Sewell's position at Whitman represents a marriage between student participation in sustainability and helping shape the college's nascent environmental code. This includes managing the campus’s recycling center, chairing the Sustainability Advisory Committee, and enacting a sustainability revolving loan fund, where students can get funding for campus sustainability projects—such as installing more efficient lighting or appliances—that could provide financial savings and reduce environmental impact.
The Sustainability Advisory Committee models the college’s commitment to environmental issues, including establishing long-term goals for Whitman. Sewell is already devising a long-lasting sustainability plan for the college and plans to sign Whitman onto the American College and University Presidents’ Climate Commitment (ACUPCC), a pledge to commit to be a climate-neutral university.

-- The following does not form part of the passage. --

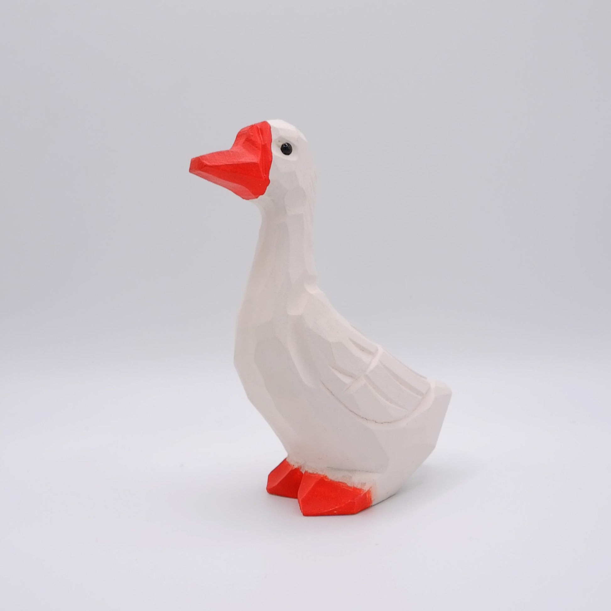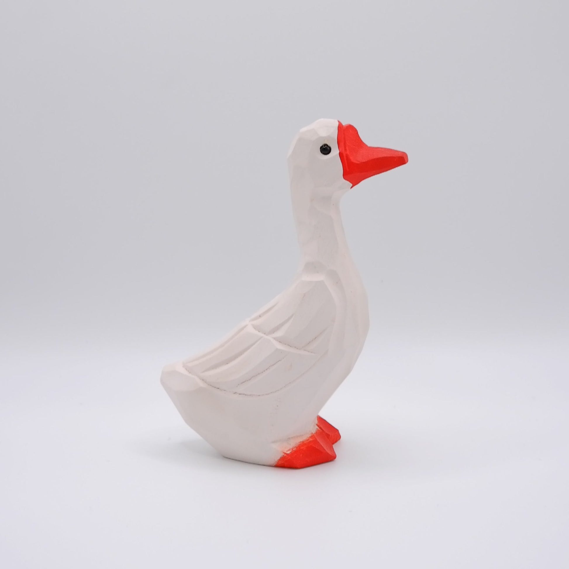 In the quiet fields beyond the hedgerow, a watchful goose stands with head held high, keeping an eye on the world and offering a honk or two when needed. Full of character and charm, this figure captures that spirit, observant, outspoken, and ever so endearing.

“Like any climate action plan or sustainability plan, ideally we want to minimize our environmental or climate impact,” he said. “We’re in the process of doing the greenhouse gas inventory, collecting data, and then measuring how much our impact is.”

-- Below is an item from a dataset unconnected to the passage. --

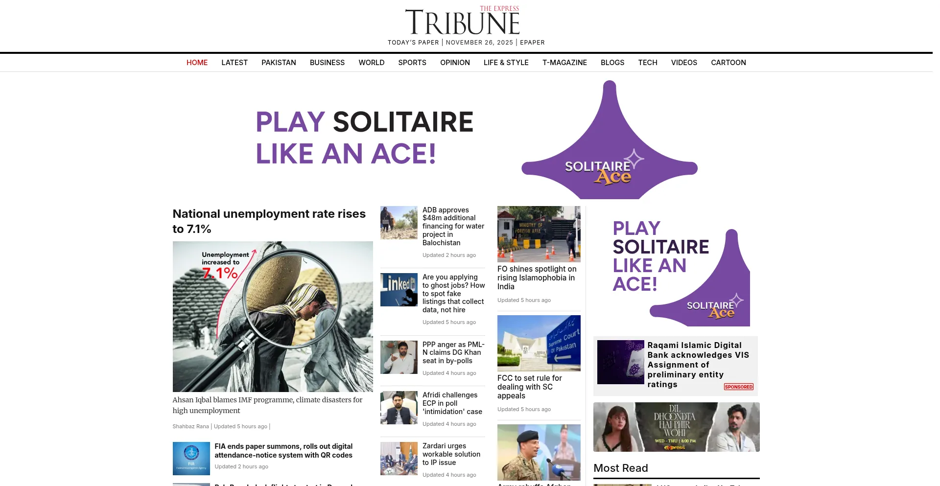 tribune.com.pk 提供 Android 设备移动应用程序,表明平台存在已扩展到网络服务之外。

Sewell earned his OLIS graduate certificate at UO in July 2013. The program let him work on community-based sustainability projects while studying urban design, planning, and sustainable business practices. As a student, he produced marketing research about whether local utilities would be interested in supply-side smart grid technologies for Portland General Electric. He also worked with the City of Eugene to evaluate the economic value of bicycling.
In the OLIS program, he said, “we got a lot of real-world experience, and I didn’t quite have that from my undergraduate [degree]. [OLIS] really prepared me with a broad understanding of the issue of sustainability.”

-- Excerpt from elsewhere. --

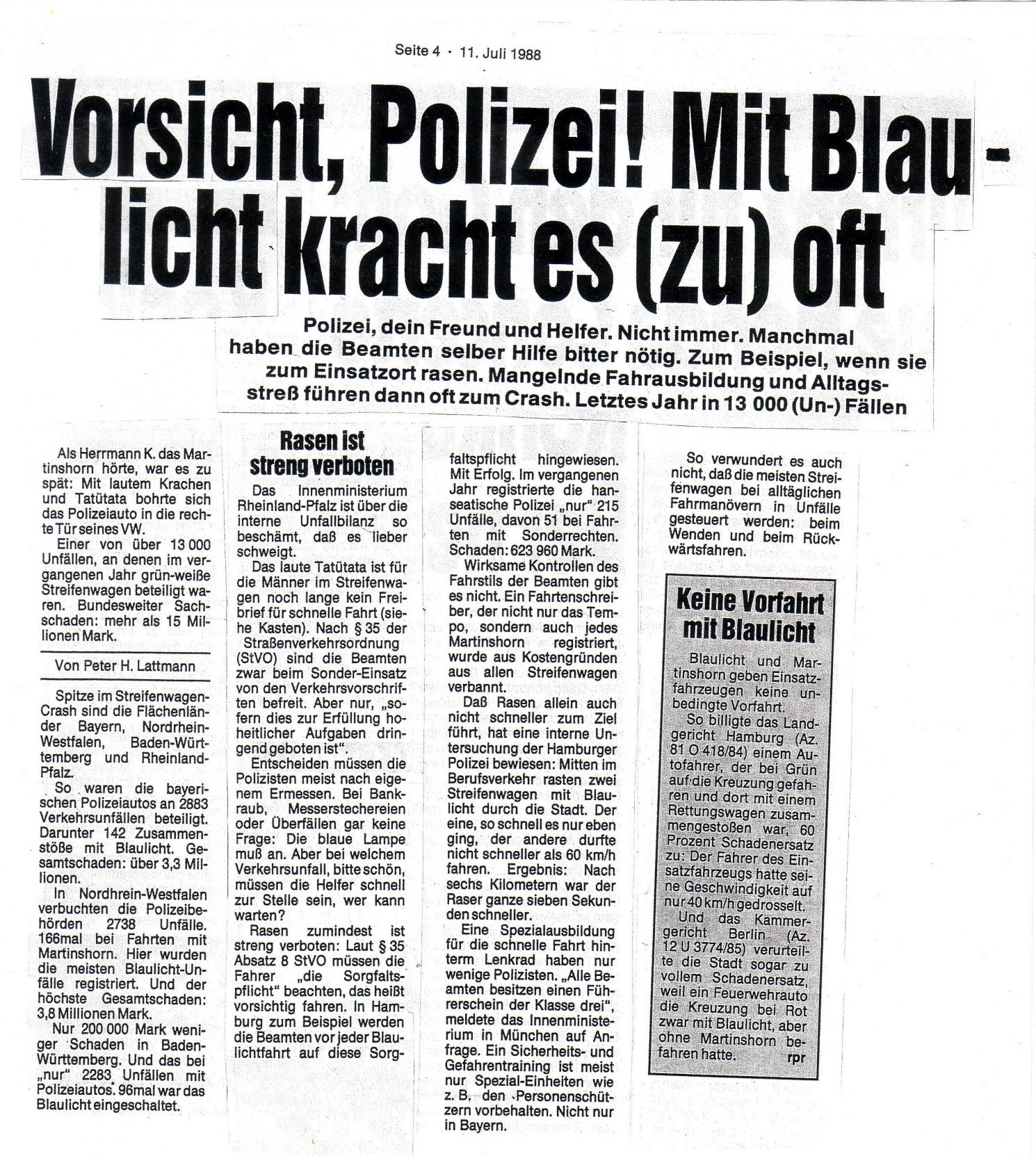 Besonders interessant finde ich die Tatsache, dass Beamten in HH vor jeder Einsatzfahrt auf ihre Sorgfaltspflicht hingewiesen wurden. Ob das heute auch noch so ist?

OLIS Program Director Vicki Elmer said she isn’t surprised another university immediately snapped up Sewell as its sustainability coordinator upon graduation.
“Tristan is one of those students whom you know from the beginning will do wonderful things,” said Elmer. “His work on analyzing alternative energy strategies for the UO was astounding. … I know that he will be a true leader in sustainability both at Whitman and in the larger sustainability community in the Pacific Northwest and the United States over the years to come.”
For his part, Sewell has quickly integrated into his job and the Whitman community.
“At the end of the day, I’m basically the nexus on campus for sustainability as an issue,” he says. “It’s a little bit of everything. There aren’t a whole lot of parts of campus that somebody couldn’t ask me a question about" that he couldn’t provide an answer for.
OLIS is a one-year professional graduate certificate program intended to give students the knowledge and skills to help cities adapt to the urgent challenges of the future. The sustainability-based curriculum includes applied projects and a focus on leadership. OLIS is designed for students from diverse backgrounds who want to prepare for sustainability careers in the public, private, and nonprofit sectors. Students are immersed in an interdisciplinary learning community with an emphasis on practical experiences and applied knowledge.